====== Input material

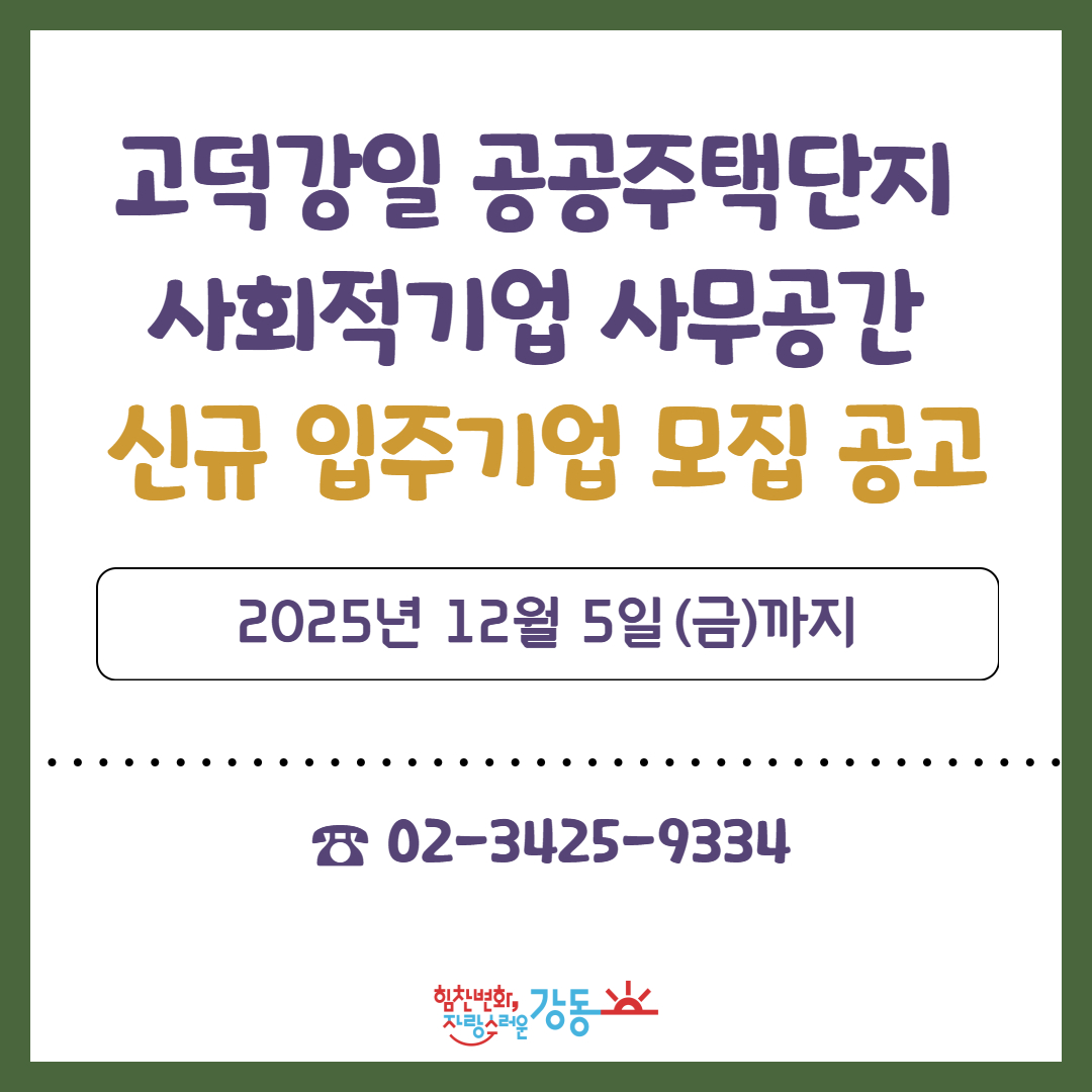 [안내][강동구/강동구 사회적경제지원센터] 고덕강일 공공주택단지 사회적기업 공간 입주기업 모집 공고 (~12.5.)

============
====== Input material

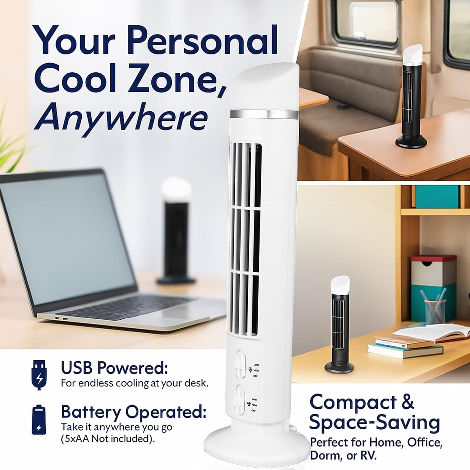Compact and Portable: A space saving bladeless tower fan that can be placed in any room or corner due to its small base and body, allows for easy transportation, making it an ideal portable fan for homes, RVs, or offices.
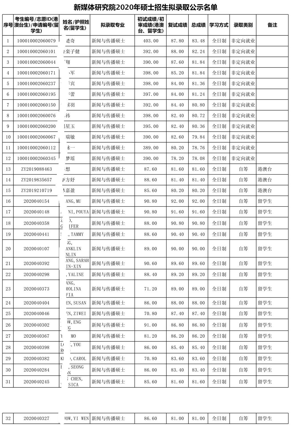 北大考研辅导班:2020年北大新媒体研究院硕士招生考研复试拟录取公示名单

============
====== Input material

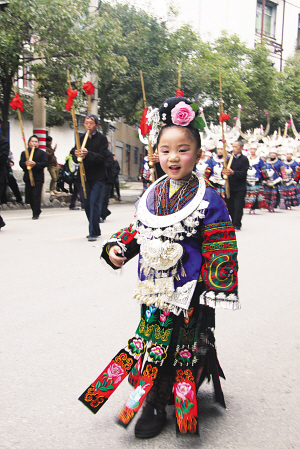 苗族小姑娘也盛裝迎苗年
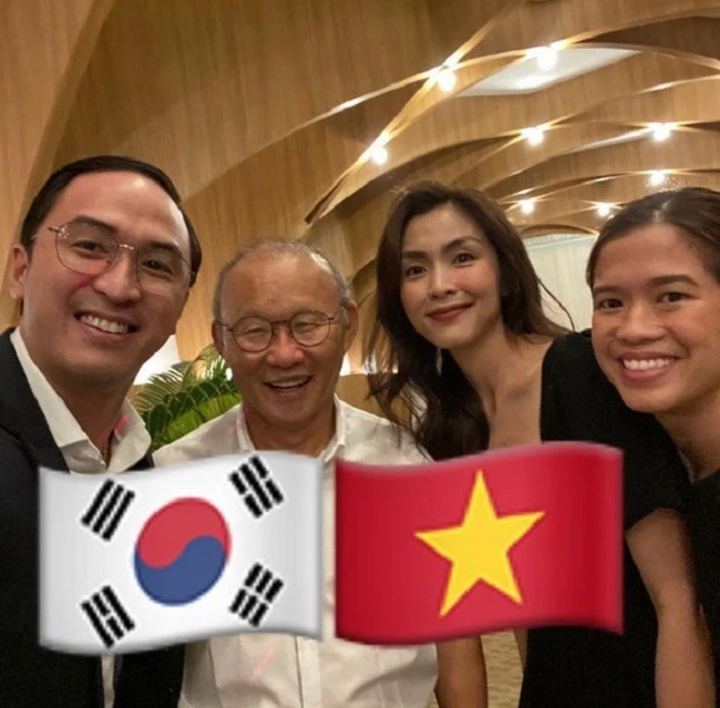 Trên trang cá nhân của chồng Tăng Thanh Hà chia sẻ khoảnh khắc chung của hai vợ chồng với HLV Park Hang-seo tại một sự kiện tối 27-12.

============

Exercise brief —
Print nothing but the lines above starting with the line that contains "苗族小姑娘也盛裝迎苗年" and going on through the line that contains "Trên trang cá". Leave out the pictures.

Solved problem —
 苗族小姑娘也盛裝迎苗年
 Trên trang cá nhân của chồng Tăng Thanh Hà chia sẻ khoảnh khắc chung của hai vợ chồng với HLV Park Hang-seo tại một sự kiện tối 27-12.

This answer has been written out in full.